» GIVEN MATERIAL
+ + + + + + +
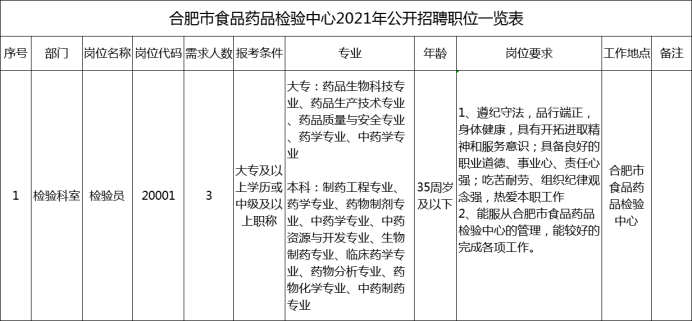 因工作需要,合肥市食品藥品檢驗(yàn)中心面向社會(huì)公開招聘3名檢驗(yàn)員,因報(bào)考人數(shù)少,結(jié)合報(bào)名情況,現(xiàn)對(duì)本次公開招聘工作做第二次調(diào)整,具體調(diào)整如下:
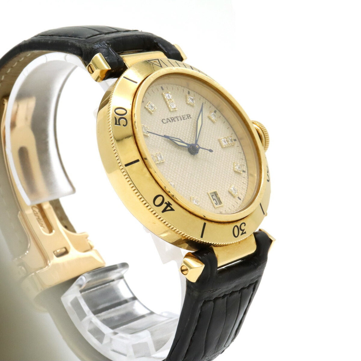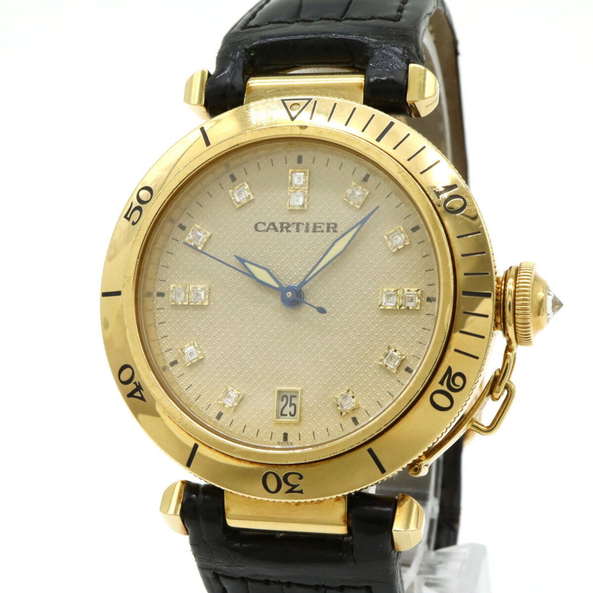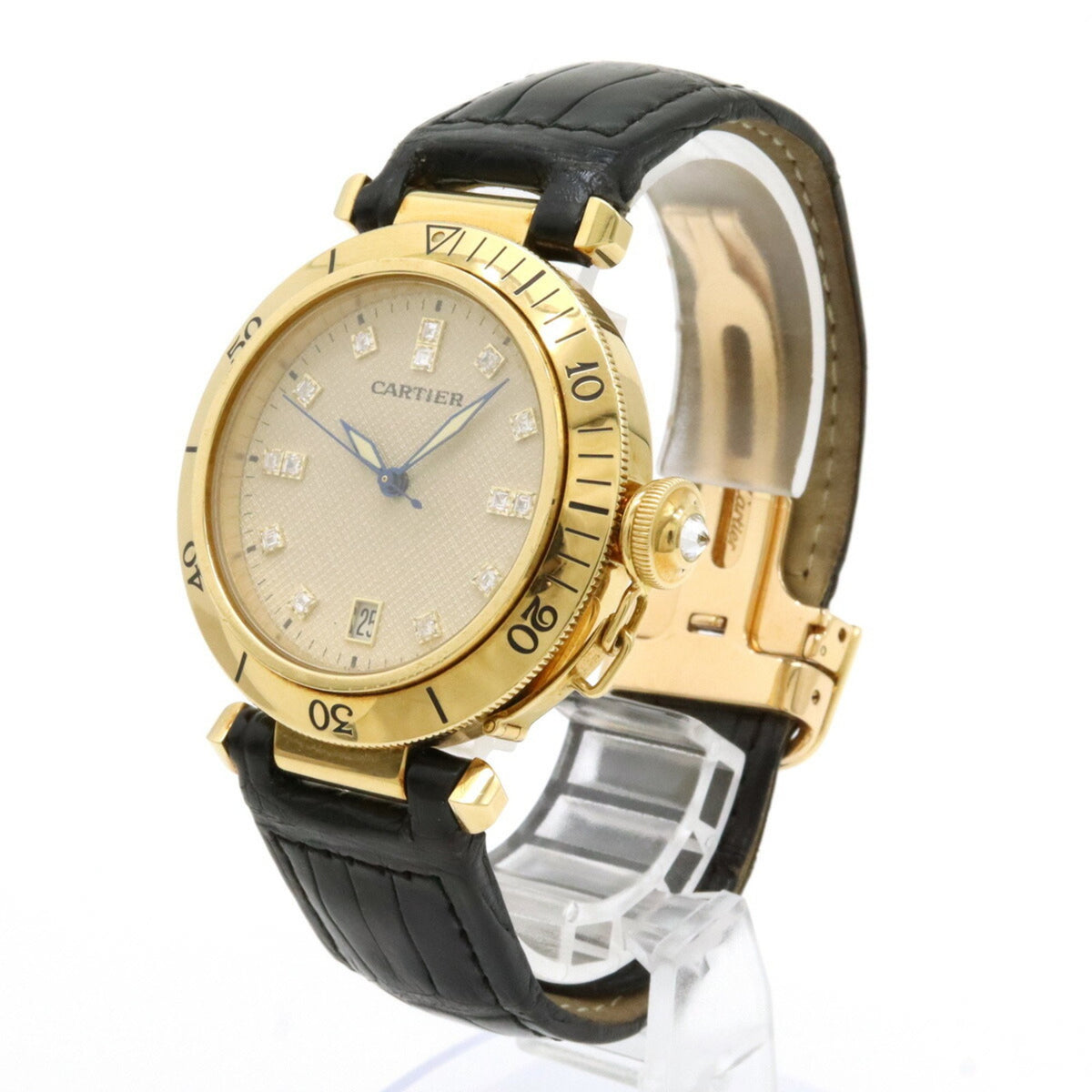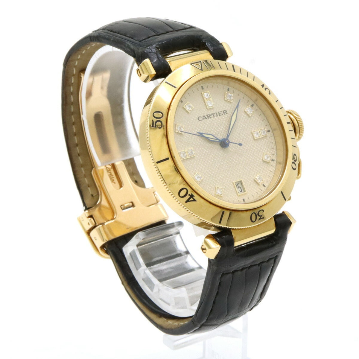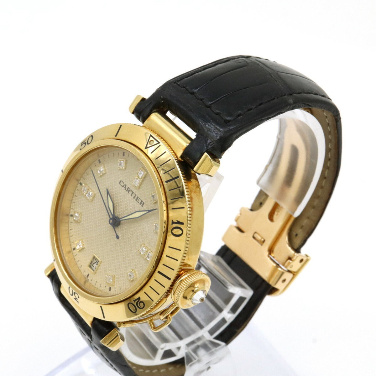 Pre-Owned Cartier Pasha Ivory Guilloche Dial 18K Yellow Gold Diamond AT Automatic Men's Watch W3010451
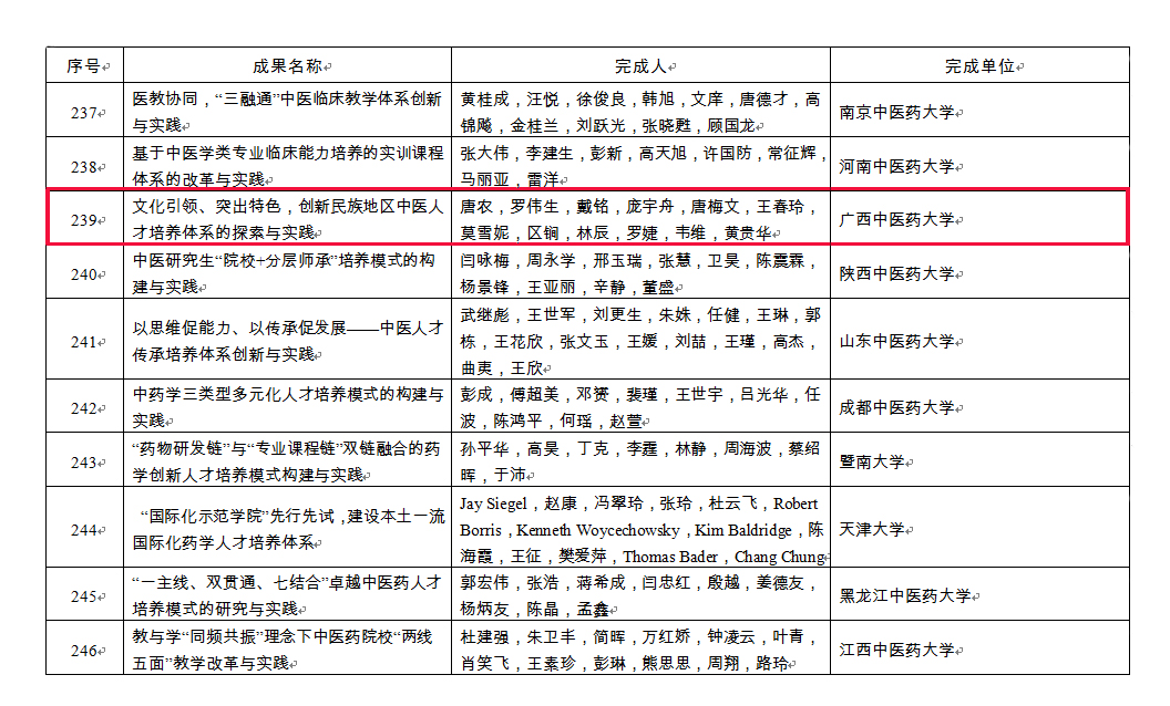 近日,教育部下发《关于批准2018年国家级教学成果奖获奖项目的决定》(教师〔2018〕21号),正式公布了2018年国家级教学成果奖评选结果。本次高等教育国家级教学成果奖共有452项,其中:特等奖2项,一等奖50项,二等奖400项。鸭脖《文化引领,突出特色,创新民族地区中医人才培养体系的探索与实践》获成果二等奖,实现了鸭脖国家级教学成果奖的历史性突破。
+ + + + + + +
» EXERCISE
Print each line of the material above exactly, with the pictures removed from your copy.

» EXERCISE ANSWER
 因工作需要,合肥市食品藥品檢驗(yàn)中心面向社會(huì)公開招聘3名檢驗(yàn)員,因報(bào)考人數(shù)少,結(jié)合報(bào)名情況,現(xiàn)對(duì)本次公開招聘工作做第二次調(diào)整,具體調(diào)整如下:
 Pre-Owned Cartier Pasha Ivory Guilloche Dial 18K Yellow Gold Diamond AT Automatic Men's Watch W3010451
 近日,教育部下发《关于批准2018年国家级教学成果奖获奖项目的决定》(教师〔2018〕21号),正式公布了2018年国家级教学成果奖评选结果。本次高等教育国家级教学成果奖共有452项,其中:特等奖2项,一等奖50项,二等奖400项。鸭脖《文化引领,突出特色,创新民族地区中医人才培养体系的探索与实践》获成果二等奖,实现了鸭脖国家级教学成果奖的历史性突破。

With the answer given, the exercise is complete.